AITAH for telling my girlfriend we arent moving in together?
im 28 and my girlfriend is 27, weve been together nearly three years and on paper things have been really good. No cheating, no big drama, we both have decent jobs, our families get on, and weve always talked about a future. As far as i was concerned we were doing fine.
The one bit of friction has been moving in together. Im not against it at all, honestly id been looking forward to it and id even started quietly looking at places, but i wanted us to do it properly when the timing was right rather than rush it, and i thought wed talked about that and were on the same page.
Over the last six months though she got more and more fixated on it. At first it was just normal chat, then it turned into these little jokey digs about when id finally "commit," and lately its been constant. Any disagreement we have somehow circles back to "well this is exactly why you wont move in with me."
Then last week i saw a message preview pop up on her tablet, and i clicked it, which yeah i know i shouldnt have, and it was a group chat with her mates.

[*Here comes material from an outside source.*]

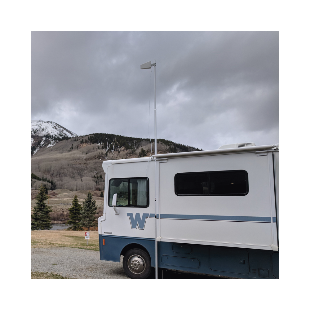 Con su antena exterior elevada hasta 7.6 m de altura en su poste de antena telescópica, el Connect RV 65 detiene las llamadas perdidas mientras mejora la calidad de voz, la velocidad de datos, la transmisión de video y más.
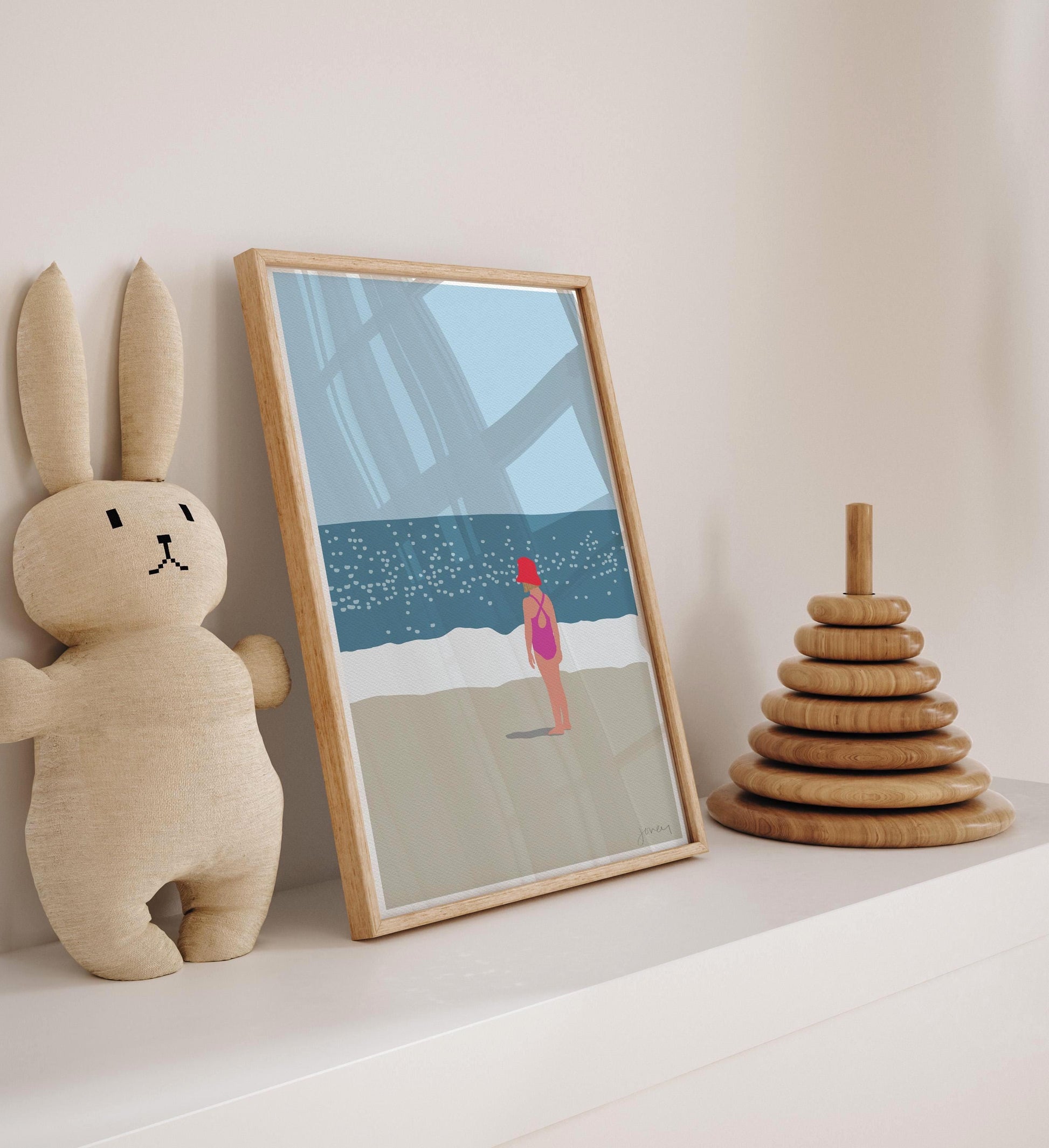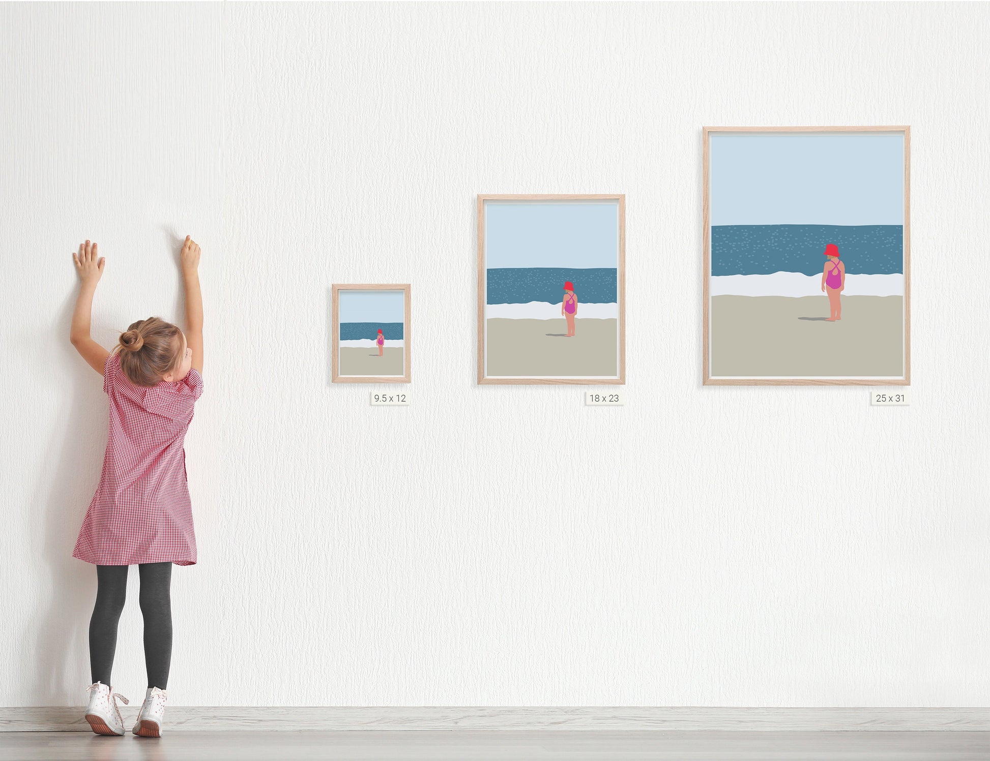 Invite the joyous spirit of 'Little Girl in Sunhat on Beach' into your space, adding a touch of coastal delight and reminiscence of carefree days by the shore.

They were all swapping ideas on how to push me into it, things like giving me the cold shoulder, putting in zero effort, making me feel guilty over nothing, backing right off physically, all of it. They were even talking about using her birthday as a deadline and dropping hints that there were "other options" if i didnt come through.
Im genuinely not upset that she wants to live together, i wanted that too. But it threw me completely, so i just asked her straight if shed been pulling these little tactics on me, and she said yeah, she was just trying to get some clarity and stop wasting time, and that if i was serious id have sorted it by now. So i told her im not doing it, definitely not while im being managed into it like a project.
AITAH for putting the brakes on after all that?